= Records shown =
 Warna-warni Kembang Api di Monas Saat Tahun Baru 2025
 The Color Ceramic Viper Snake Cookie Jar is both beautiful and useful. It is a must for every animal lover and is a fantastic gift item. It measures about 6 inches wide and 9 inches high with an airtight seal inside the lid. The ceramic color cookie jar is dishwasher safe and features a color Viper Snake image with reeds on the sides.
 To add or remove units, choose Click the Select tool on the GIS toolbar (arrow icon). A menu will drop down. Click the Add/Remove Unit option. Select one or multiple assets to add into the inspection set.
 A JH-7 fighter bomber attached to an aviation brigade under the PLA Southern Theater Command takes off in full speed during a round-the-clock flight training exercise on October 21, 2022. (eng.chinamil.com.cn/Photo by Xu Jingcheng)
* * *
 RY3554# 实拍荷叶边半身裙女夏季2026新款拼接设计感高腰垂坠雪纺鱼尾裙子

= Problem requirements =
The stretch of entries above that starts with the line containing "To add or remove" and goes on through the line containing "A JH-7 fighter" is to be transcribed exactly, and no other line is to be transcribed.

= Exercise result =
 To add or remove units, choose Click the Select tool on the GIS toolbar (arrow icon). A menu will drop down. Click the Add/Remove Unit option. Select one or multiple assets to add into the inspection set.
 A JH-7 fighter bomber attached to an aviation brigade under the PLA Southern Theater Command takes off in full speed during a round-the-clock flight training exercise on October 21, 2022. (eng.chinamil.com.cn/Photo by Xu Jingcheng)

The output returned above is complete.